◆ ABOUT THIS EXERCISE: In the entries below, begin at the line with "6398 - عبد الحميد" and stop after the line with "Excellent tokens, great"; output those lines exactly and omit the pictures.
[MATERIAL SHOWN — start]
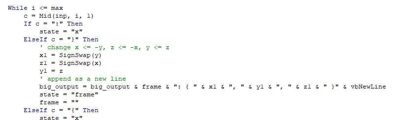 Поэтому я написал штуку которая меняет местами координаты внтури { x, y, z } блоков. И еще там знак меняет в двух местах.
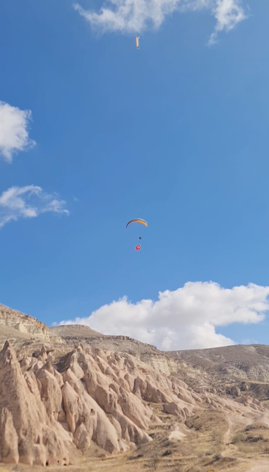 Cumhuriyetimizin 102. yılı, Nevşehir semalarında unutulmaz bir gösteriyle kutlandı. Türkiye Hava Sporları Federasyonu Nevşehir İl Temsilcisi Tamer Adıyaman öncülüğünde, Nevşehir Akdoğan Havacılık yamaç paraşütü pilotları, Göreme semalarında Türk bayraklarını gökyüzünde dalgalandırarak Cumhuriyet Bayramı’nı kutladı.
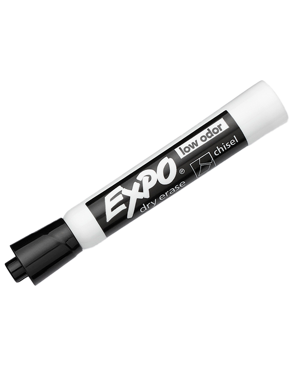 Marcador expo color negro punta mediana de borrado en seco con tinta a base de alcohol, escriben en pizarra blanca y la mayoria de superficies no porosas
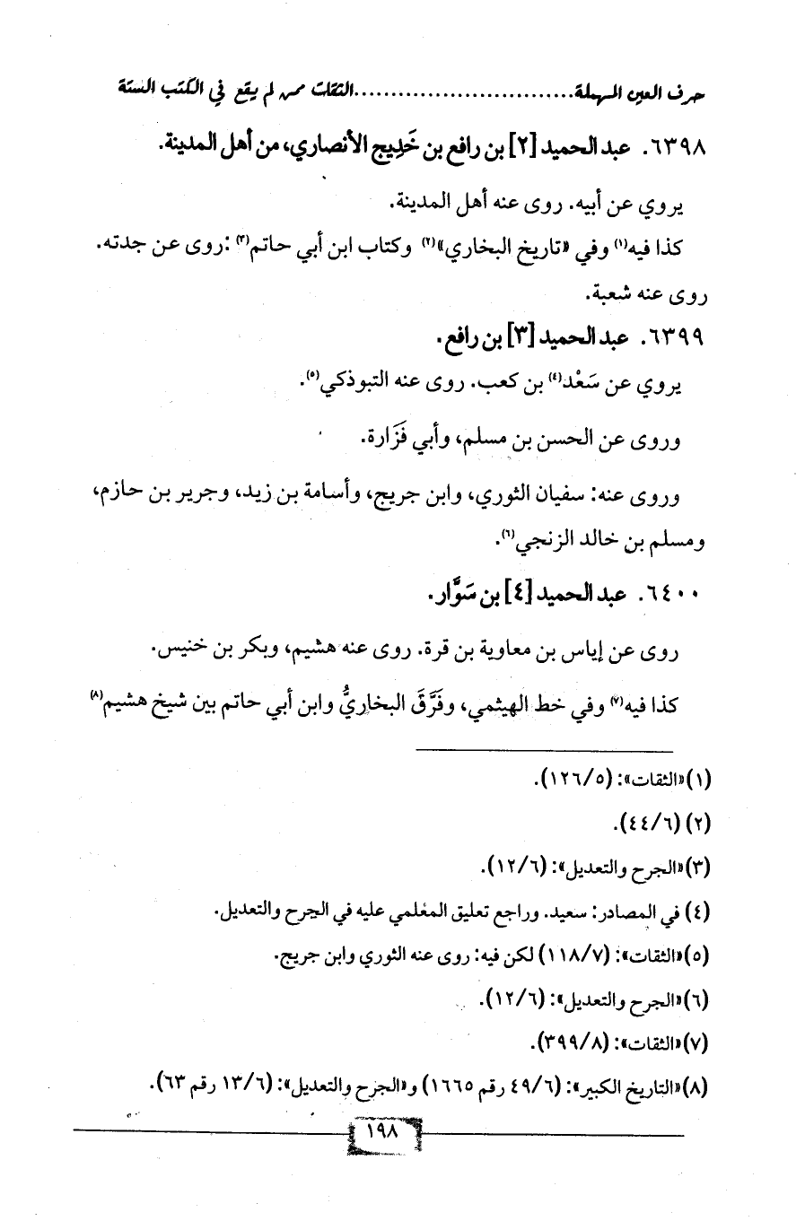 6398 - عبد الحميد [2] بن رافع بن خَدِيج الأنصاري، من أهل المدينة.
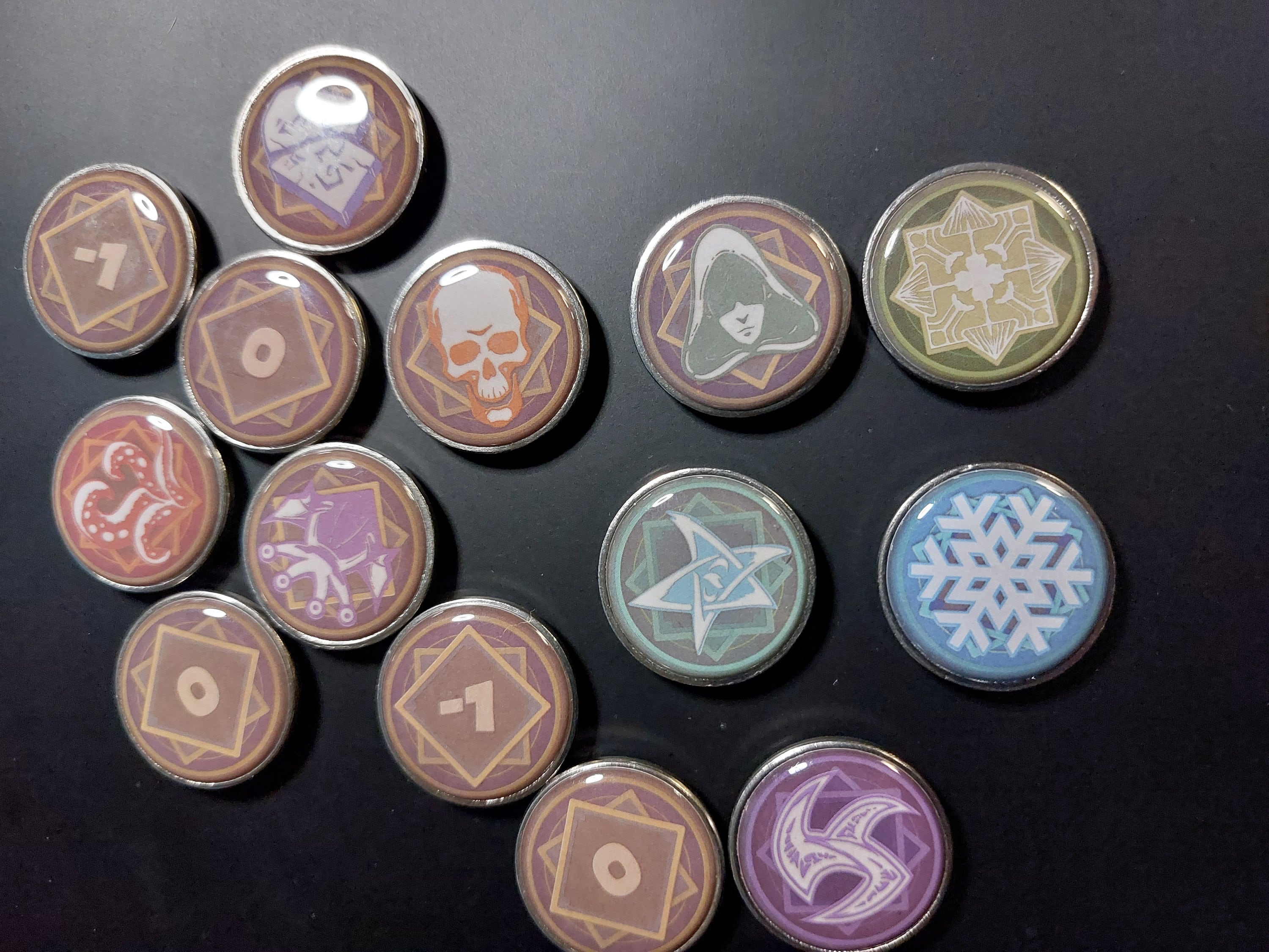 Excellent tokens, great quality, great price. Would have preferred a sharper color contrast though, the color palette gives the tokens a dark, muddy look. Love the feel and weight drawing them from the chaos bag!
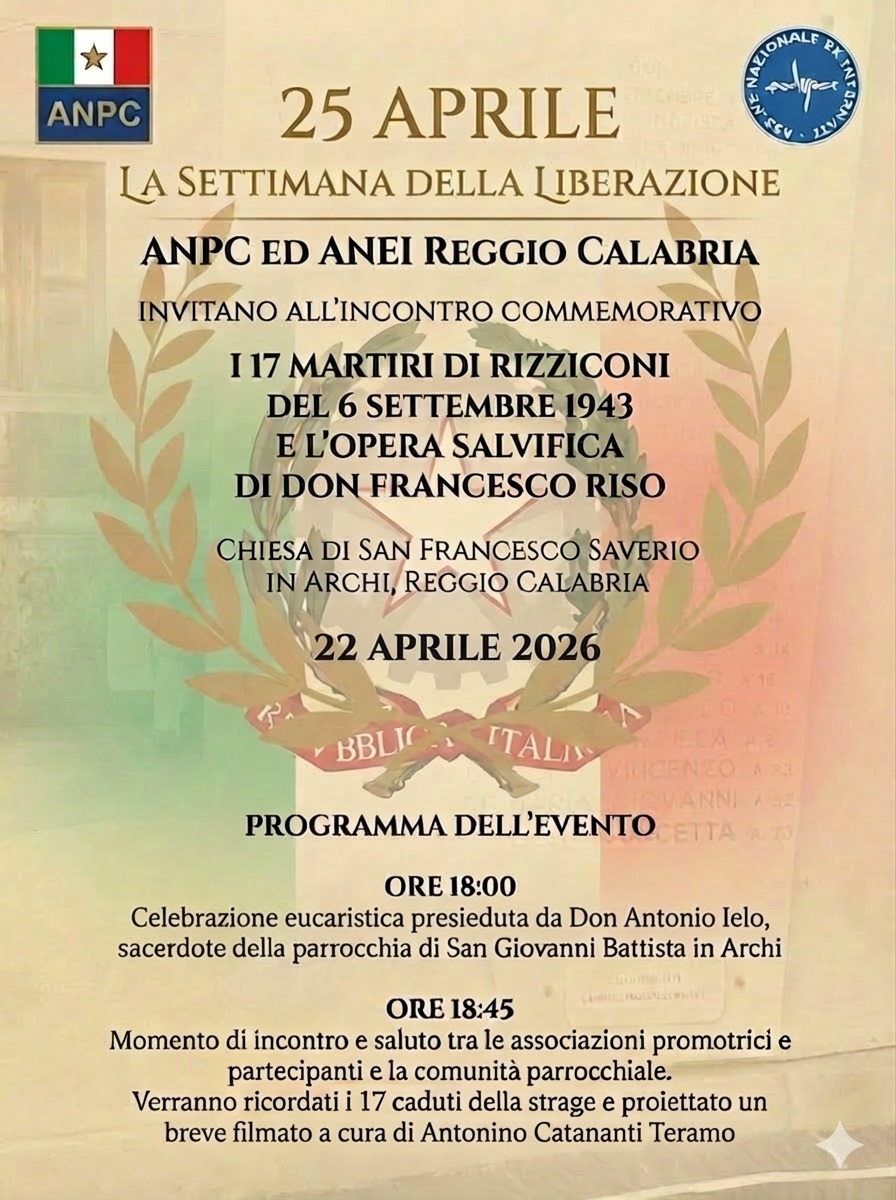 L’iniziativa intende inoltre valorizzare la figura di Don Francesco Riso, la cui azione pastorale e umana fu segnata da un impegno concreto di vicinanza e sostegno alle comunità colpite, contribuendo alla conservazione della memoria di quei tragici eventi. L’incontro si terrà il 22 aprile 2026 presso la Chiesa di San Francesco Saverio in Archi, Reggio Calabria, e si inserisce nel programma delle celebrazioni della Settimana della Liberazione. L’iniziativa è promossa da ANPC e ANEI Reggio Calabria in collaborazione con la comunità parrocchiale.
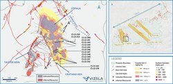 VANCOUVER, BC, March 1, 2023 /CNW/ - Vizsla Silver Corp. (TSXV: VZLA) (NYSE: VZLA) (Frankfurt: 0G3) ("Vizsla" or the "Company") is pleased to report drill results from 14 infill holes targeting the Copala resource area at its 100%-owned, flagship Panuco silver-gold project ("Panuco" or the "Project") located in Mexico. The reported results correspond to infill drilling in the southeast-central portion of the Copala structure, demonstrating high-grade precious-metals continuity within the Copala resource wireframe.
[MATERIAL SHOWN — finish]
◆ ANSWER FOR THE TASK:
 6398 - عبد الحميد [2] بن رافع بن خَدِيج الأنصاري، من أهل المدينة.
 Excellent tokens, great quality, great price. Would have preferred a sharper color contrast though, the color palette gives the tokens a dark, muddy look. Love the feel and weight drawing them from the chaos bag!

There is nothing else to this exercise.